§ **EXERCISE AIM**
Give back the exact lines of the material below from the one containing "dust olive green" through the one containing "敦煌銀齡美育星光盛典晚會節(jié)目征集通知", and no pictures.

§ **RECORDED DATA**
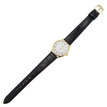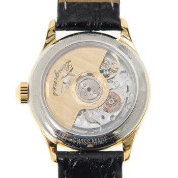 Yellow gold-tone stainless steel case with a black alligator band. Fixed yellow gold-tone stainless steel bezel. White dial with yellow gold-tone hands and Roman numeral hour markers. Minute markers around the outer rim. Dial Type: Analog. Date display at the 3 o'clock position. Longines Calibre L595 Automatic movement, based upon ETA 2000/1, containing 20 Jewels, bitting at 28800 vph, and has a power reserve of approximately 40 hours. Scratch resistant sapphire crystal. Transparent see through case back. Round case shape, case size: 25 mm, case thickness: 8 mm. Band width: 13 mm. Buckle clasp. Water resistant at 30 meters / 100 feet. Functions: date, hour, minute, second. Additional Info: original box, international warranty card, manual (complete accessories). Lyre Series. Luxury watch style. Watch label: Swiss Made. Longines Lyre Automatic White Dial Ladies Watch L4.360.2.11.2.
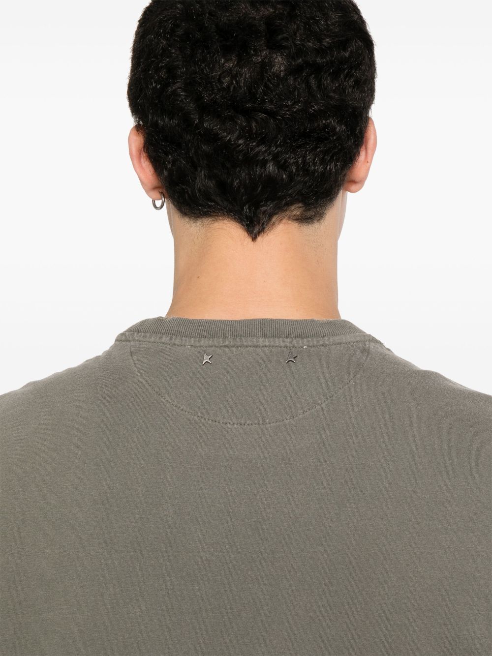 dust olive green cotton jersey texture distressed effect ribbed crew neck short sleeves logo print to the front logo plaque to the rear straight hem
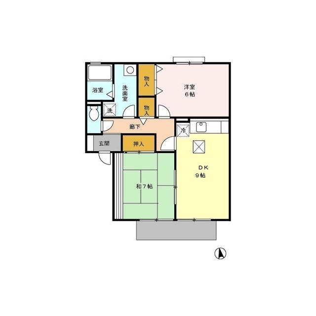 | 間取 | 2DK ( DK 9帖 / 和 7帖 / 洋 6帖 ) |
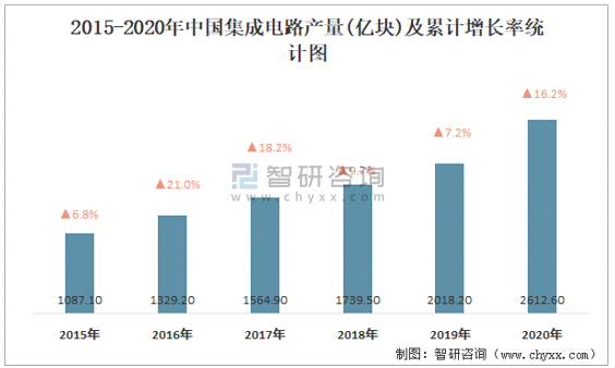 2015-2020年中國集成電路產(chǎn)量及累計增長率統(tǒng)計圖
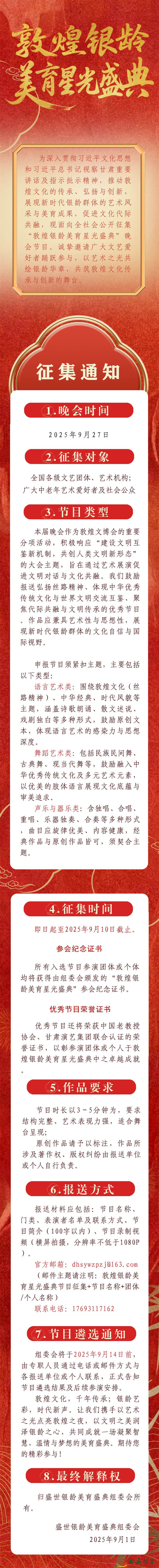 敦煌銀齡美育星光盛典晚會節(jié)目征集通知
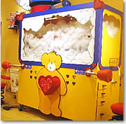 こうしてぬいぐるみに命や声を吹き込み、ぬいぐるみが完成したら、シャワー台へ。実際に水が出るわけではありませんが、これはいわば産湯コーナーとも言うべき場所。生まれたてのぬいぐるみをシャワーできれいにするという、何とも子供の喜びそうなコンセプトですね! ブラシも置いてありますが、皆ここでぬいぐるみの身だしなみを整えるらしく、ブラシにはたくさん毛がついていました。 |
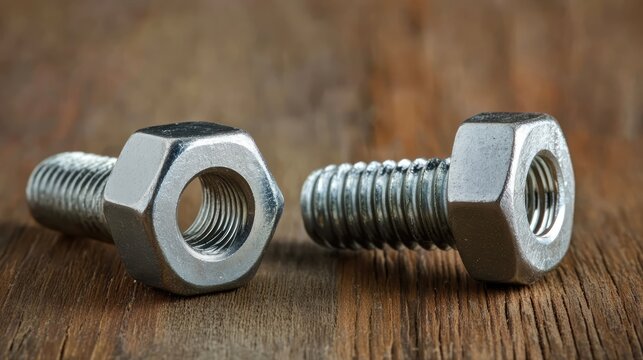 Hexagon head bolt and nut on wooden surface showcasing metallic texture and construction hardware details
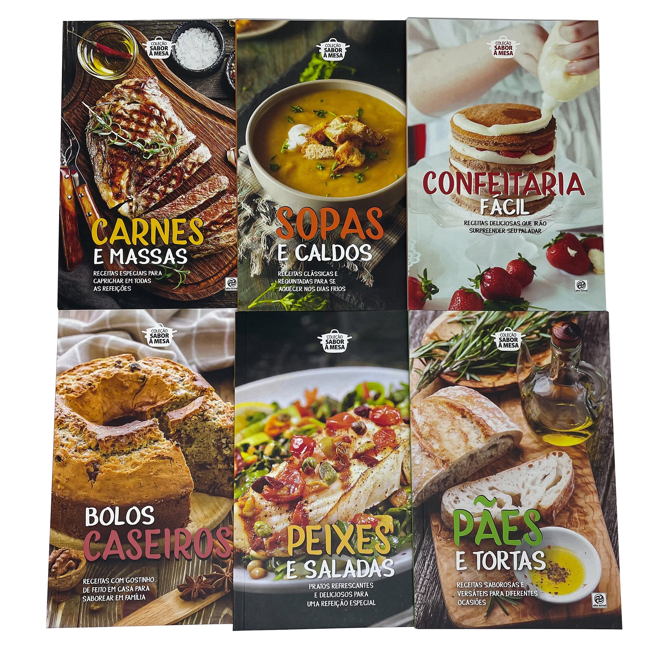 Kit com 6 livros da coleção Sabor à mesa, coleção de receitas e ingredientes para diversos tipos de comidas e sobremesas, de massas à churrasco. Com as receitas que apresentamos você poderá desfrutar de uma refeição digna de restaurante no conforto do seu lar.
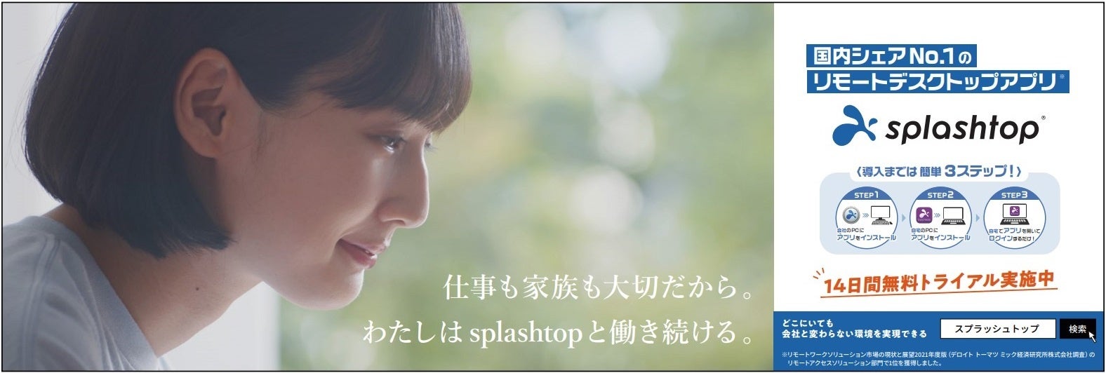 「仕事も家庭も大切だから。わたしはsplashtopと働き続ける。」編を放映
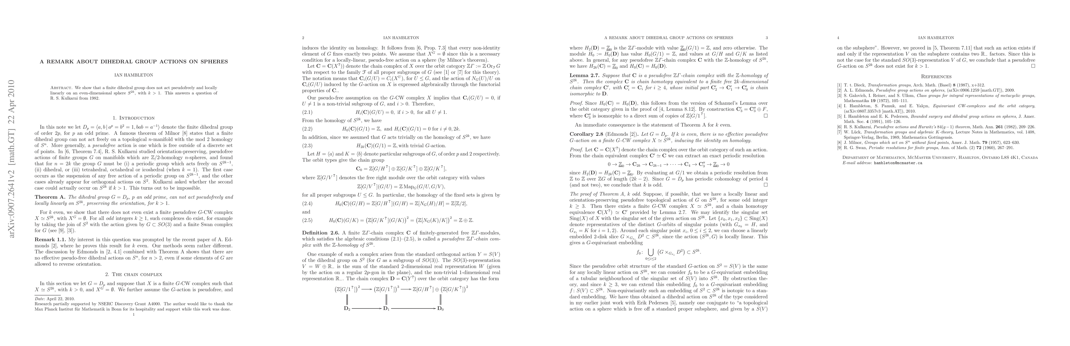We show that a finite dihedral group does not act pseudofreely and locally linearly on a 2k-dimensional sphere, if k > 1. This answers a question of R. S. Kulkarni from 1982.
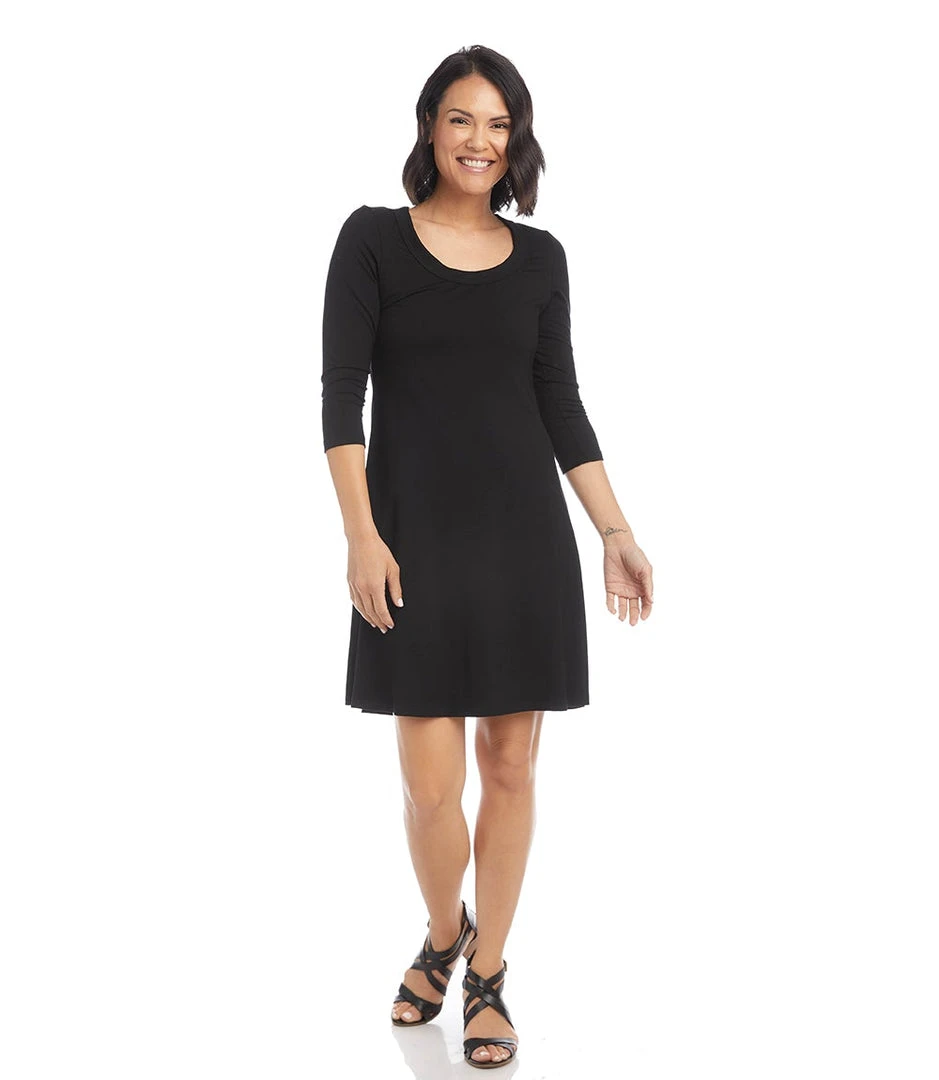 - Elevate your wardrobe with the Karen Kane Three Quarter Sleeve A-Line Dress. This best seller and new arrival is designed to flatter your figure with its timeless A-line silhouette.
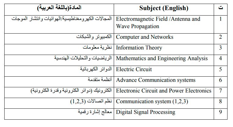 تفاصيل المواد الدراسية قسم هندسة تقنيات الإتصالات
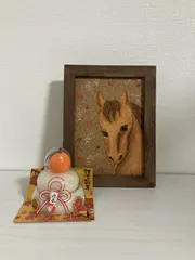 ■作品内容2026年の干支🐴&晴れ着を着たウチの子フィギュア ■工夫ポイント我が家の3姉妹🐶の似顔絵をウッドバーニング教室の先生が描いてきくれます。専用のコテで焼き アクリル絵の具で塗ります。フィギュアが小さいので繊細な作業です。色塗り後の2度焼きが1番楽しい💕
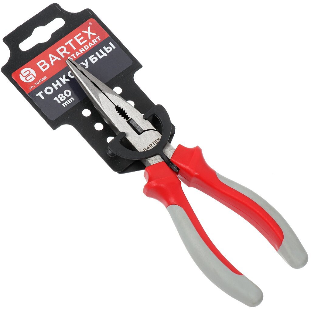 Тонкогубцы – это разновидность пассатиж с длинными и зауженными губками. Инструмент предназначен для выполнения более точных операций, таких как сгибание или выравнивание проволоки, работа с соединительными колечками или кримпами. Тонкогубцы Bartex Стандарт идеально подойдут для манипуляций в труднодоступных местах, где необходим захват мелких деталей.
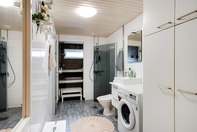 - Allaskaappi, wc-istuin, pesukoneliitäntä, suihkuseinä, peili, lattialämmitys, suihku, ja kiinteät valaisimet

§ **EXERCISE RESPONSE**
 dust olive green cotton jersey texture distressed effect ribbed crew neck short sleeves logo print to the front logo plaque to the rear straight hem
 | 間取 | 2DK ( DK 9帖 / 和 7帖 / 洋 6帖 ) |
 2015-2020年中國集成電路產(chǎn)量及累計增長率統(tǒng)計圖
 敦煌銀齡美育星光盛典晚會節(jié)目征集通知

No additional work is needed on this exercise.